Роба стянул локти, будто связанный. Металлическая сетка, перевязанная в форме рубахи. Её надевали на меня по пути. Позже, уже приодетым я буду на крыше. Животным в других странах перед этим дают наесться от пуза, а там это была работа. Посадят на стул и надеешься, чтобы дождь пошёл, а ни то печь будет, как в драном карцере. Но все равно волнуешься, словно первый раз, и тут…
— А!
Какое счастье, если отключишься от первого разряда, но второй…
— ЧТОБ ВАС!
Буду честным, запах прожаренного мяса поднимает аппетит, а он уже хоть как-то отвлечёт от адской боли. Слышишь, что говорят охранники?
— Они… Смеются.
И ставят всё те же деньги, когда же я сдохну. А по времени меняют штуки такие, аккумуляторы называются. Ты не поймёшь. Способ быстрый и дешёвый. До заключённых никому толка нет, а вод до электричества…
— Как и Харахти не было…
Именно так. Ты понял меня. Как и должен был. Не зря ты пришёл ко мне.
— Я вижу. Клинок.
Что не ясно-то? Ты убил…
— Он уже в крови.
Фараон никому не был нужен. Мне уж точно.
— Ты не хотел его убивать. Я вижу тело.
Стой.
— На нём нет золотых одеяний.
Харахти, нет.
— Я им был.
Брат.
— Ты убил брата.
Нет. Нет! Его убили.
— Но ты не можешь вспомнить, кто это сделал.
Мне это не нужно. Не нужно, чтобы и ты помнил! Не нужно, я сказал!..
— Одайон, — сказал Роджер.
— Тебе ещё чего надо?
— Кому ты всё это говорил.
— Я?! Ты слышал.
— Слышал. Кому?
— Раз слышал, то зачем спрашиваешь?
— Харахти ведь мёртв.
— Да. И он говорит со мной.
— Я уже встречал подобных тебе, но вы не говорите вместе. Вы чувствуете, что вы в одном теле.
— Мы же братья.
— Один из которых ненавидит другого настолько, что обрёк себя на смерть, ради его убийства.
— Харахти…
— Его нет в тебе.
Лодка затихла. Зачем ты это сделал? Я завидовал тебе. Зачем? Ты был лучше меня. Зачем? Я хотел быть как ты!
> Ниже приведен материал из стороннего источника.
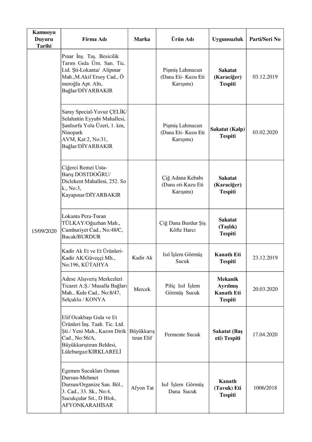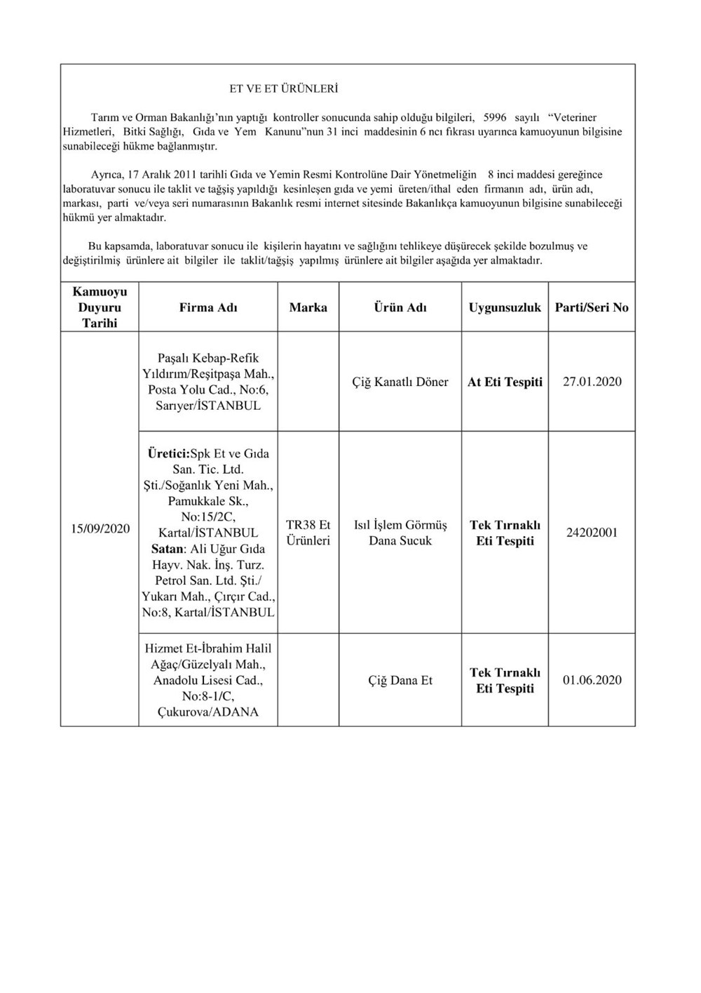 Vatandaşın sağlığı söz konusu olunca kimsenin gözünün yaşına bakmayacaklarını vurgulayan Tarım ve Orman Bakanı Bekir Pakdemirli, bu kapsamda son olarak 91 firmanın 113 parti ürününü ifşa ettiklerini duyurdu.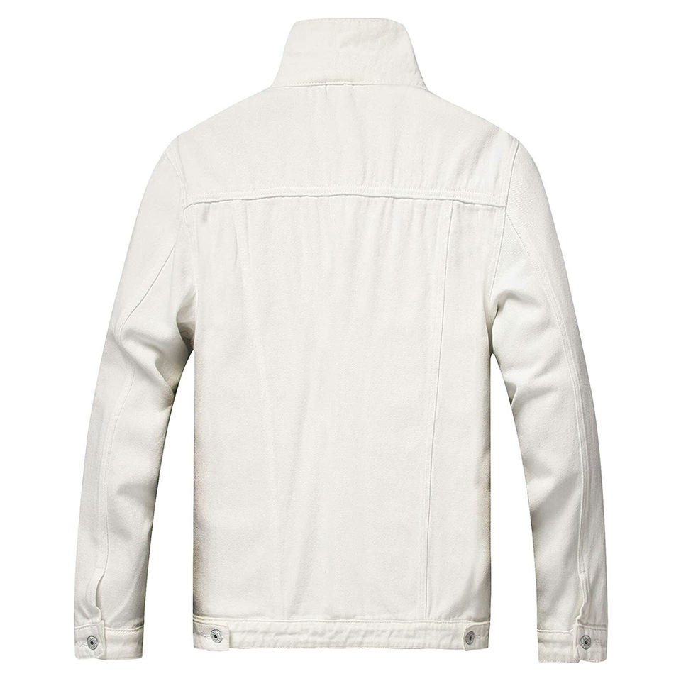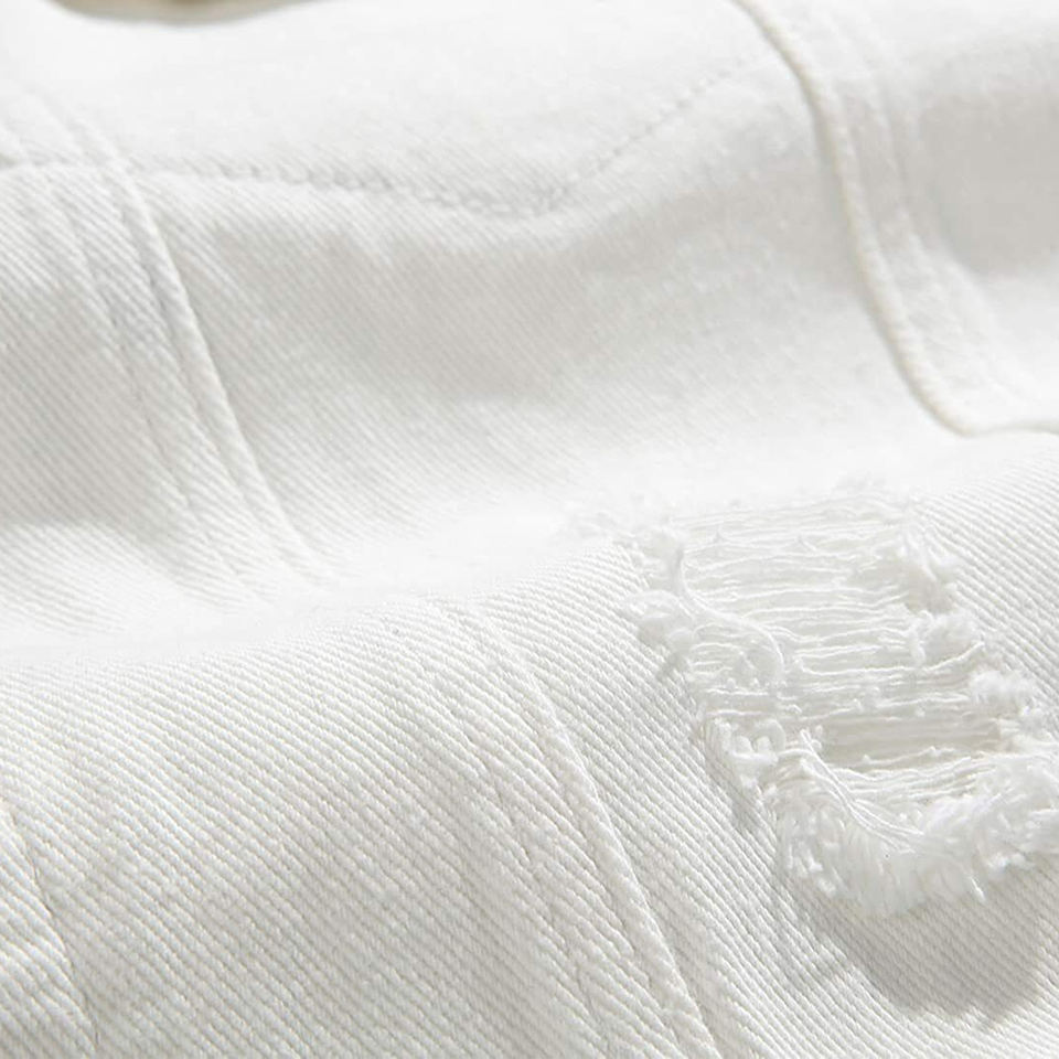 White Mens Winter Jacket Streetwear Windbreaker Distressed Ripped Denim Jean Jackets and Slim Fit Winter Outerwear Jackets

Нет. Ты желал быть мной. Мне страшно. Лодку не нужно качать, чтобы она двигалась. Почему тебя не было рядом? Ты сам меня отбросил. Ты отталкиваешь себя на край лодки. Ты — это я. Прости меня. Тебе нужно простить для начала самого себя. Сядь в лодку.
— Может, откликнешься на другое имя. Харахти?
— Харахти мёртв.
Глава 40
— Алло, господин Уилкинсон?
— А, что, кто? Да?
— Справедливость же никогда не дремлет?
— Какие глубокие вопросы в такую рань. Вроде да.
— Откроете дверь?
Старый для своих молодых лет офицер британской полиции не ожидал увидеть компанию из трёх человек у себя в гостях утром прекрасного воскресенья.
— В холодильнике завалялся пастуший пирог. Вам чай?
— Милейший, я бы предпочёл кофе…,- не договорил Падший, глянув на прожжённую ржавую тюрку:
— Хотя не стоит. Стакана воды будет вполне достаточно.
Не все были довольны окружением или пытались такими показаться. Гарри от дискомфорта откинул шею Дурьера к спине.
— С вами всё в порядке, мистер…, - вкрадчиво спросил полицейский.
— Ага, Шел. От мамы давно съехал?
— Простите?
— Слушай, Уилкинс, я спал в местах и похуже. В большей части я даже отвечал за «интерьер». Но это… Скажи, ты всех встречаешь в одних трусах?
— Это шорты.
— Под ними есть бельё?
— Эм. Я лучше промолчу.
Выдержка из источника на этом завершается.